Problem — Without the images, write out the entries word for word.

+ + + +

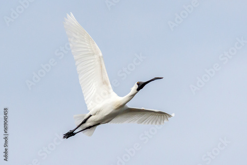 Fototapeta premium Royal Spoonbill in Mid-Flight Against Pale Sky
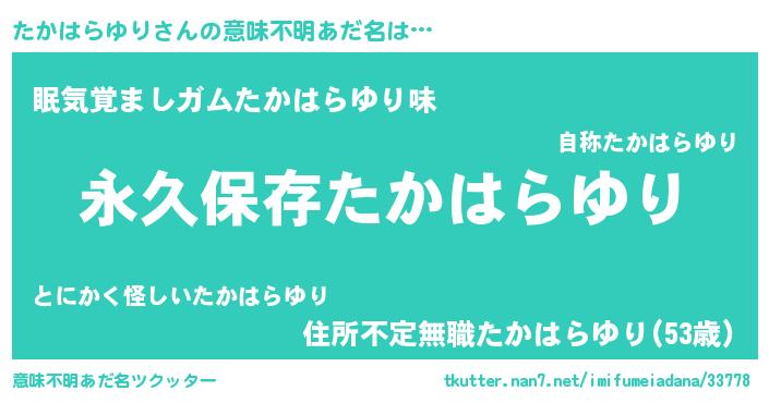| 男性向けラノベタイトル風あだ名 | 『たかはらゆりに滅ぼされるだけの簡単なお仕事です』 |
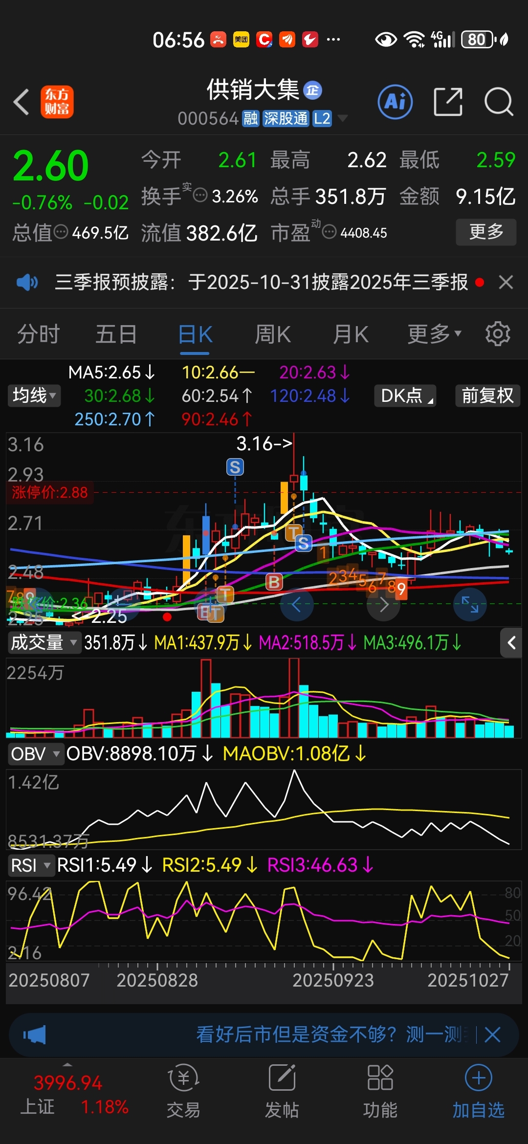 $供销大集(SZ000564)$ 不要觉得我没有发言权,我最有了,因为我是主力和散户的克星
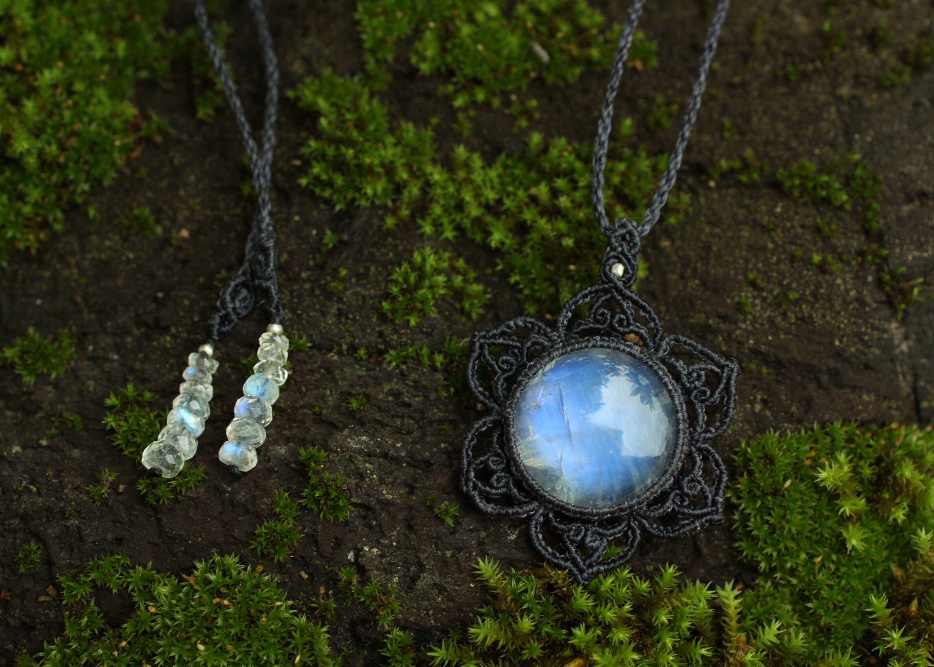 手縫い糸ほどの細いコードを使い出来る限り天然石の表情と繊細な仕上がりを重視し時間をかけ丁寧に編みました。
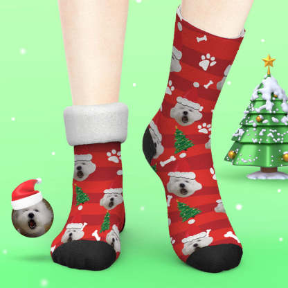 Custom Photo Thick Socks Santa Hat Christmas Pet Gifts
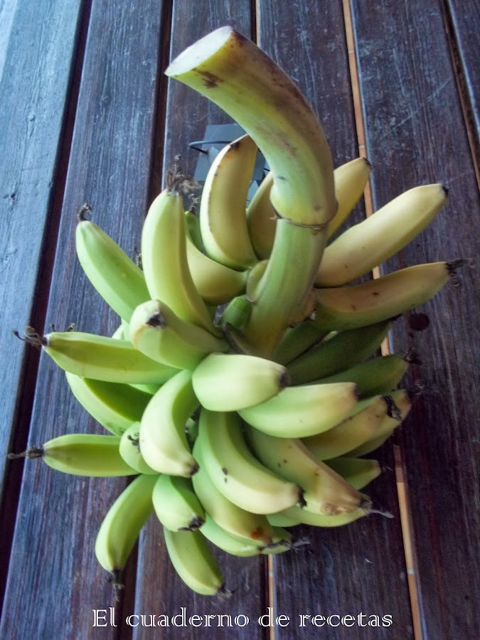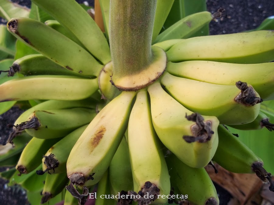 Aquí os presento una pequeña piña de plátanos, como véis no tiene muchas manillas, es una platanera pequeña y las piñas van acorde al tamaño. El sabor es dulce y muy jugoso, pero eso ya lo sabéis.
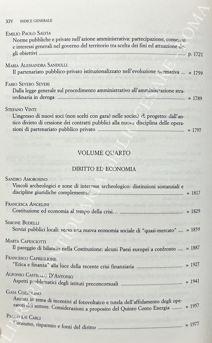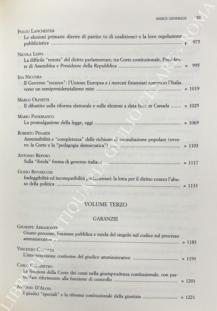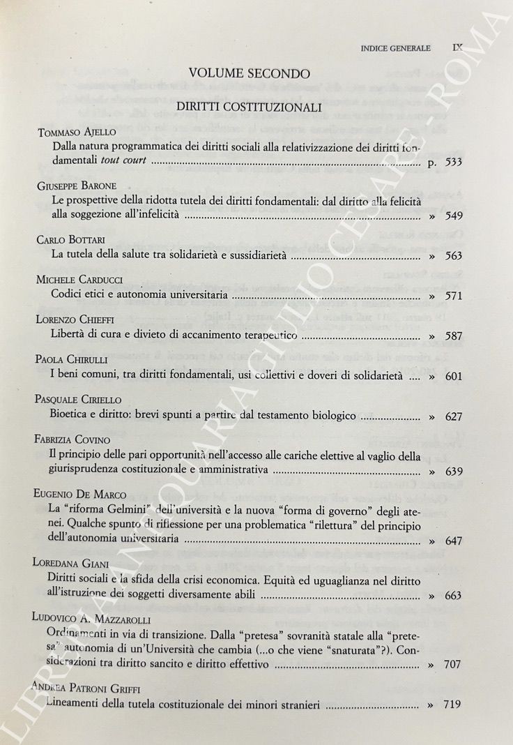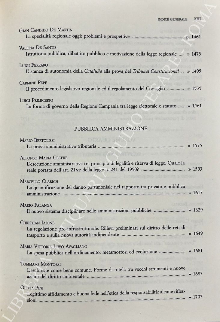 Scritti di: Abbamonte, Ajello, Amorosino, Angelini, Apostoli, Atripaldi, Baroncelli, Barone, Bellomia, Benvenuti, Bertolissi, Bifulco, Bilancia, Bottari, Budelli, Capesciotti, Capriglione, Caranta, Carducci, Castiello D’Antonio, Catelani, Cecere, Cervati, Chiarelli, Chieffi, Chirulli, Ciriello, Clarich, Cocco, Cocozza, Coduti, Colapietro, Cordini, Covino, Cozzolino, D’Aloja, D’Andrea, De Carli, De Marco, De Martin, De Nardi, De Santis, Degrassi, Della Morte, Falanga, Federici, Fenucci, Ferrara, Ferraro, Fiorenzano, Fontanarosa, Fracanzani, Franchini, Furno, Giachetti Franchini, Giani, Grasso, Grossi, Guarino, Iaione, Illari, Lamberti, Lanchester, Loiodice, Lotito, Lucarelli, Lupo, Lupò Avagliano, Manfrellotti, Marotta, Mattioni, Mauriello, Mazzarolli, MiccĂą, Montorsi, Morbidelli, Niccolai, Nicotra, Olivetti, Panebianco, Paparella, Patroni Griffi, Pegoraro, Pepe, Pezzini, Pinardi, Pini, Politi, Porena, Primicerio, Prisco, Reposo, Revedin, Ridolfi, Rivosecchi, Roselli, Rozo Acuna, Salvia, Sandulli, Saporito, Scudiero, Severi, Siclari, Stammati, Stipo, Tesauro, Tizzano, Tondi Della Mura, Vari, Vinti, Violini, Zatti
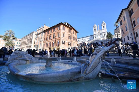 People visit the Piazza di Spagna in Rome, Italy, on Jan. 1, 2022. (Xinhua/Jin Mamengni)
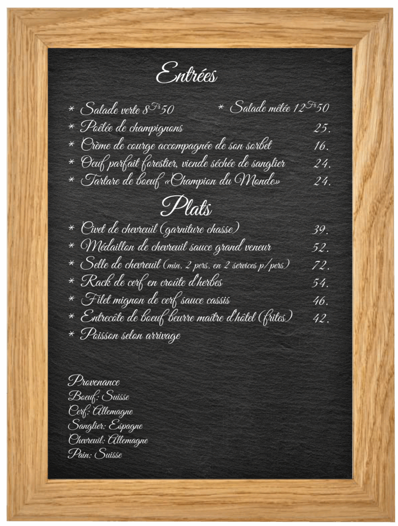 Au restaurant gastronomique, le chef vous propose un menu surprise composé de 3 entrées, plat, et dessert pour CHF 159.– avec possibilité d’inclure en supplément notre chariot de fromages.

+ + + +

Your response —
 Fototapeta premium Royal Spoonbill in Mid-Flight Against Pale Sky
| 男性向けラノベタイトル風あだ名 | 『たかはらゆりに滅ぼされるだけの簡単なお仕事です』 |
 $供销大集(SZ000564)$ 不要觉得我没有发言权,我最有了,因为我是主力和散户的克星
 手縫い糸ほどの細いコードを使い出来る限り天然石の表情と繊細な仕上がりを重視し時間をかけ丁寧に編みました。
 Custom Photo Thick Socks Santa Hat Christmas Pet Gifts
 Aquí os presento una pequeña piña de plátanos, como véis no tiene muchas manillas, es una platanera pequeña y las piñas van acorde al tamaño. El sabor es dulce y muy jugoso, pero eso ya lo sabéis.
 Scritti di: Abbamonte, Ajello, Amorosino, Angelini, Apostoli, Atripaldi, Baroncelli, Barone, Bellomia, Benvenuti, Bertolissi, Bifulco, Bilancia, Bottari, Budelli, Capesciotti, Capriglione, Caranta, Carducci, Castiello D’Antonio, Catelani, Cecere, Cervati, Chiarelli, Chieffi, Chirulli, Ciriello, Clarich, Cocco, Cocozza, Coduti, Colapietro, Cordini, Covino, Cozzolino, D’Aloja, D’Andrea, De Carli, De Marco, De Martin, De Nardi, De Santis, Degrassi, Della Morte, Falanga, Federici, Fenucci, Ferrara, Ferraro, Fiorenzano, Fontanarosa, Fracanzani, Franchini, Furno, Giachetti Franchini, Giani, Grasso, Grossi, Guarino, Iaione, Illari, Lamberti, Lanchester, Loiodice, Lotito, Lucarelli, Lupo, Lupò Avagliano, Manfrellotti, Marotta, Mattioni, Mauriello, Mazzarolli, MiccĂą, Montorsi, Morbidelli, Niccolai, Nicotra, Olivetti, Panebianco, Paparella, Patroni Griffi, Pegoraro, Pepe, Pezzini, Pinardi, Pini, Politi, Porena, Primicerio, Prisco, Reposo, Revedin, Ridolfi, Rivosecchi, Roselli, Rozo Acuna, Salvia, Sandulli, Saporito, Scudiero, Severi, Siclari, Stammati, Stipo, Tesauro, Tizzano, Tondi Della Mura, Vari, Vinti, Violini, Zatti
 People visit the Piazza di Spagna in Rome, Italy, on Jan. 1, 2022. (Xinhua/Jin Mamengni)
 Au restaurant gastronomique, le chef vous propose un menu surprise composé de 3 entrées, plat, et dessert pour CHF 159.– avec possibilité d’inclure en supplément notre chariot de fromages.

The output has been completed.